Newswise — Mark Salvatore has been studying Mars’ surface for years. With NASA’s InSight mission launching, he may (relatively) soon get a chance to look much deeper. This mission, Salvatore said—the first to land on Mars since the Curiosity Rover—could clarify the timeline of Mars’ surface hardening and the end of liquid water on the surface. It also could tell planetary geologists like himself more about the seismic activity and interior structure of Earth’s closest planetary neighbor.

 Salvatore is an assistant professor in the Department of Physics and Astronomy at Northern Arizona University. His research focuses on the formation and evolution of planetary surfaces using a field, lab and remote sensing techniques. Much of his field research takes place in Antarctica, which is similarly cold and dry. Salvatore also has a grant from NASA to support his work in NAU’s Mars Science Laboratory Curiosity Rover, which allows him to collaborate with scientists, engineers and NASA’s rover operators to guide the Curiosity around Mars.

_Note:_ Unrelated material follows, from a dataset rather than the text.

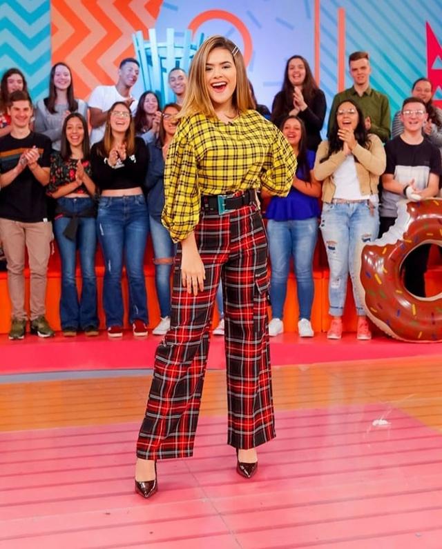 Para um look bem criativo, Maisa optou por combinar a mesma estampa em tons diferentes. A blusa xadrez com decote careca também era mais larguinha, dando volume por completo na parte de cima de sua produção.
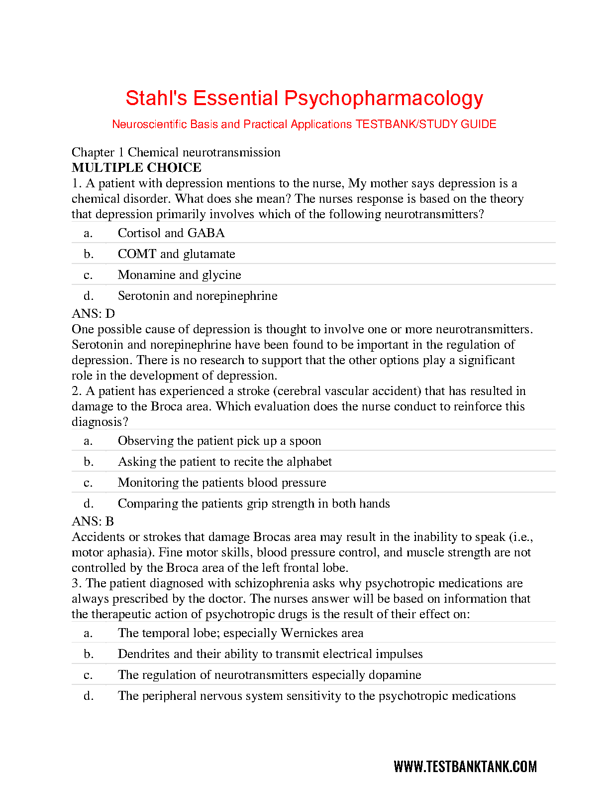 Unlock your full potential and excel in your psychopharmacology course with the complete test bank for Stahl's Essential Psychopharmacology: Neuroscientific Basis and Practical Applications, 5th Edition by Stephen M. Stahl. This essential study resource provides an extensive collection of multiple-choice questions, complete with detailed answers and rationales for every chapter. Designed to deepen your understanding of complex topics like chemical neurotransmission and the practical application of psychotropic medications, this test bank is your ultimate tool for effective exam preparation. Master the material, boost your confidence, and achieve top grades by using this authentic and comprehensive guide.

 Expert: Mark Salvatore, assistant professor of astronomy; (928) 523-0324 or [email protected]                                           

  • Significance of the mission: The mission will provide the clearest "look" into the interior structure of Mars, leading to a better understanding of the thickness and structure of the martian core, mantle and crust. Operating seismometers that have detected seismic activity have only been deployed on the Earth and the moon (the Mars Viking landers in the 1970s had seismometers, but there were numerous issues that led to inconclusive results). Because Mars is intermediate in size between the Earth and the moon, understanding the internal structure of this intermediate rocky planet will help us to understand planetary formation and differentiation processes.
  • Meaning for further research: Future research will benefit from this improved understanding as it can potentially clarify when the molten outer core of Mars solidified, destroying the magnetic field and leading to global environmental changes as the atmosphere was stripped away by the solar wind. As a scientist interested in the martian surface and environment, this aspect is of particular interest to me. The stripping of the martian atmosphere almost certainly coincides with the end of liquid water on the martian surface, so this information can place important constraints on the timing of martian surface processes and surface habitability.
  • What scientists are hoping to find: Seismic activity can originate in a few different ways on planetary surfaces. First (and most exciting) would be "marsquakes," where internal stresses within the crust lead to the equivalent of martian earthquakes. This deep seismicity (originating many kilometers below the surface) can propagate seismic waves to a great depth and provide information about the internal structure of the planet. The second source of seismicity is meteorite impacts, which are concentrated at the surface but provide similar seismic information. By interpreting these signals and feeding them into detailed models of the interior structure of the planet, scientists can learn quite a bit about what subsurface properties must be present to reproduce these signals.